Om een zorgvuldige en uitvoerbare invoering te garanderen heeft uw Kamer vervolgens in september
2007, met de motie van Geel c.s., expliciet gekozen voor de invoering van gratis lesmateriaal in één
keer.
Eind 2007 bleek dat de scholen in het Voortgezet Onderwijs meer tijd nodig zouden voor een
verantwoorde invoering op schoolniveau vanwege de termijnen die de Europese Aanbesteding met zich
meebrengt. Daarom heb ik bij indiening van het wetsvoorstel de scholen een jaar extra de tijd gegeven
om zich op invoering voor te bereiden.
Met het amendement Kraneveldt, waarbij in een evaluatiebepaling wordt voorzien, is nog een extra
waarborg ingebouwd om de invoering in het veld goed te kunnen volgen. Ik heb aangegeven dit
amendement over te nemen.
In aanvulling hierop heb ik inmiddels besloten een taskforce in te richten om scholen op goede en
proactieve wijze te ondersteunen en waar nodig te faciliteren bij het proces van aanbesteding. Deze
taskforce sluit aan bij initiatieven van derden en zal ervoor zorgdragen dat scholen onder meer
blad 6/6
ondersteuning krijgen bij de ontwikkeling van aanbestedingsdocumenten.
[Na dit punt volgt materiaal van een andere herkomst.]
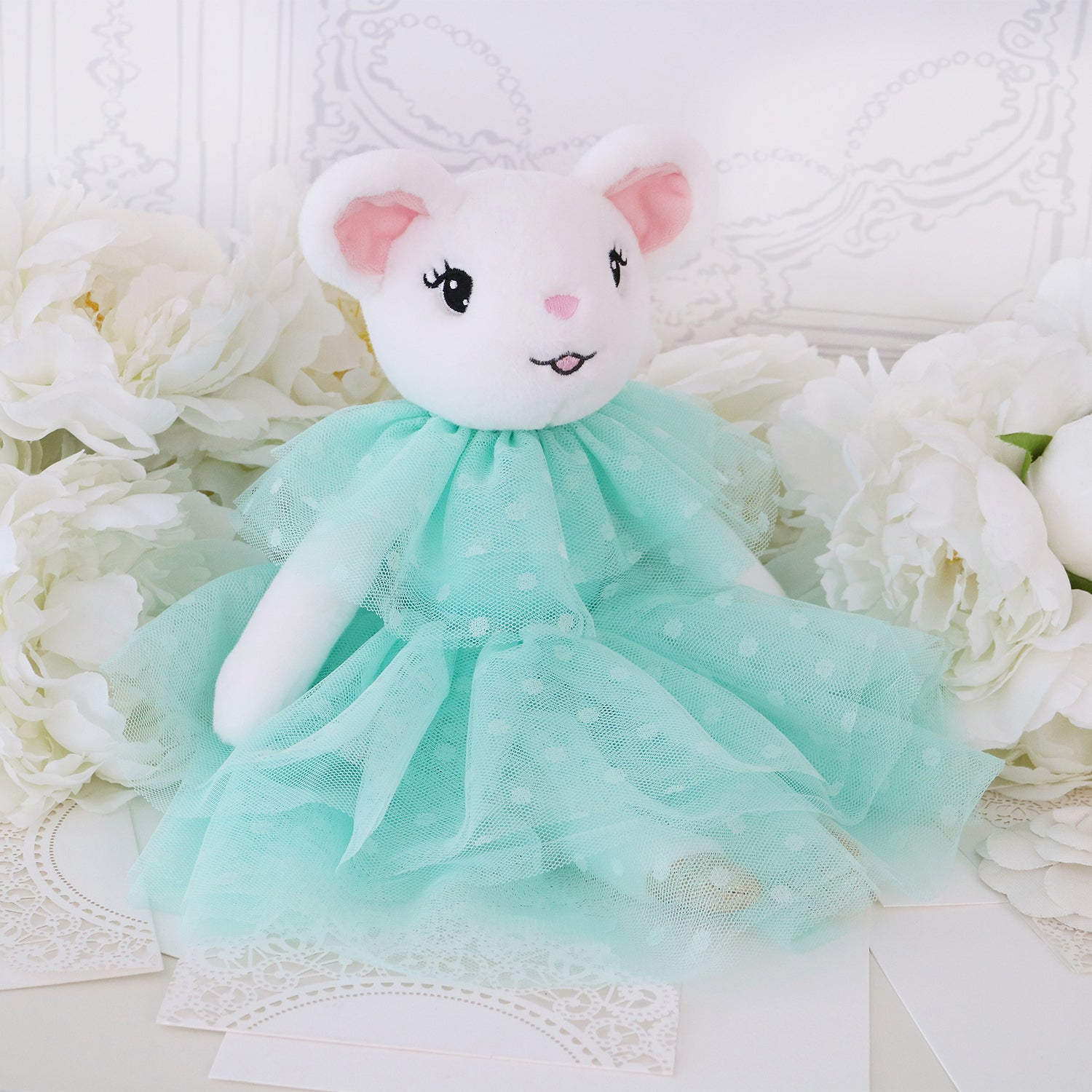 - Claris plush features gold shoes and deluxe soft tulle turquoise dress

Verder zal de taskforce
scholen informeren en ondersteunen middels een helpdesk, good practices verzamelen en verspreiden,
regionale workshops organiseren waarbij samenwerking tussen scholen wordt bevorderd en - waar
nodig - ondersteuning bieden bij de afhandeling van eventuele juridische procedures, enz. enz. De
taskforce zal de voortgang van de invoering nauwlettend monitoren, in principe per schoolbestuur.
Tenslotte heb ik heden bij Nota van Wijziging voor het kabinet de mogelijkheid gecreëerd om, indien dit
door thans onvoorziene omstandigheden onontkoombaar zou zijn, de invoeringsperiode met hooguit
één jaar te verlengen.
Ik ben van oordeel dat met het bovenstaande alle mogelijke waarborgen voor een zorgvuldige en
geslaagde invoering van gratis lesmateriaal zijn geboden.